Step 3. EDUCATE the said “person” incrementally over
a broad range of topics.
Step 1 does not
look in too bad shape. An impressive stock-pile of every kind of reasoning and learning
tool has been amassed. In narrowly specific fields, the child-machine trick of
“teaching by showing” has even been used for machine acquisition of complex
concepts. Chess end-game theory (see
Michie 1986, 1995) has been developed far beyond pre-existing limits of human
understanding. More recently, challenging areas of molecular chemistry have
been tackled by the method of Inductive Logic Programming (e.g. Muggleton,
S.H., Bryant, C.H. and Srinivasan, A., 2000). Again, machine learners here elaborated
their insights beyond those of expert “tutors”. Above-human intelligence can in
these cases be claimed, not only in respect of performance but also in respect
of articulacy (see Michie, 1986).
A feeling, however,
lingers that something crucial is still lacking. It is partially expressed in
the current AI Magazine by John Laird
and Michael van Lent (2001):
Over the last 30 years, research in AI has fragmented
into more and more specialized fields, working on more and more specialized
problems, using more and more specialized algorithms.
These authors
continue with a telling point. The long string of successes, they suggest,
“have made it easy for us to ignore our failure to make significant progress in
building human-level AI systems”. They go on to propose computer games as a
forcing framework, with emphasis on “research on the AI characters that are
part of the game”.
To complete their
half truth would entail reference to real and continuing progress in developing
generic algorithms for solving generic problems, as in deductive and inductive
reasoning; rote learning; parameter and concept learning; relational and object-oriented
data management; associative and semantic retrieval; abstract treatment of
statistical, logical, and grammatical description and of associated complexity
issues, and much else. None the less, the thought persists that something is missing.
After all we are now in 2001. Where is HAL? Where is even proto-HAL? Worse than
that: if we had the HAL of Stanley Kubrick’s movie “2001, a Space Odyssey”

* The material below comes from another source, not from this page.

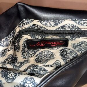 Chic Ed Hardy crossbody with vibrant floral design. Features bold lettering and edgy style.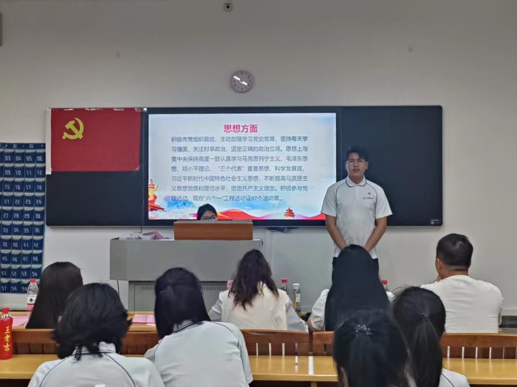 5月6日下午,外语外贸学院学生第一党支部在人文艺术楼1121召开2023年上半年预备党员转正大会, 全体支部党员、预备党员、入党介绍人出席本次会议。会议由学生第一党支部书记龚蝶主持。

would we have the goal described by Turing, a machine able to “compete with men in all purely
intellectual fields”?
Seemingly so. But
is that the goal we wanted? Should the goal not rather have been to “co-operate with men (and women) in all
purely intellectual fields”? Impressive as was the
flawless logic of HAL’s style of reasoning in the movie, the thought of having
to co-operate, let alone bargain, let alone relax with so awesomely motivated a
creature must give one pause. The picture has been filled in by John McCarthy’s
devastating satirical piece “The Robot and the Baby”, available through http://www-formal.stanford.edu/jmc/robotandbaby.html.
The father of the
logicist school of AI here extrapolates to a future dysfunctional society some
imagined consequences of pan-logicism. By this term I mean the use of predicate
logic to model intelligent thought unsupported by those other mechanisms and
modalities of learning and reactive choice which McCarthy took the trouble to
list in his 1959 classic “Programs with common sense” (see also Michie, 1994,
1995).
The hero of
McCarthy’s new and savage tale is a robot that applies mindless inferences from
an impeccable axiomatization of situations actions and causal laws to an interactive
world of people, institutions and feelings. The latter, however, are awash with
media frenzy, cultism, addiction, greed and populism. Outcomes are at best
moderate. How should an artificial intelligence be designed to fare better?
Implicitly at
least, Step 2 above says it all. Required: a way to integrate the accumulated
tools and techniques so as to constitute a virtual
person, with which (with whom) a
user can comfortably interact, “a ‘person’ with sufficient language-understanding
to be educable, both by example and by precept”.
Inescapable logic then
places on the shoulders of AI a new responsibility, unexpected and possibly
unwelcome: we have to study the anatomy and dynamics of the human activity
known as chat. Otherwise attempts to simulate the seriously information-bearing
components will fail to satisfy users whose needs extend beyond
information-exchange to what is known as
rapport.
Rapport maintenance
To see how to do Step
2 (integration into a user-perceived “person”) is not straightforward. Moreover,
what we expect in a flesh-and-blood conversational agent comes more readily
from the toolkit of novelists than of computer professionals.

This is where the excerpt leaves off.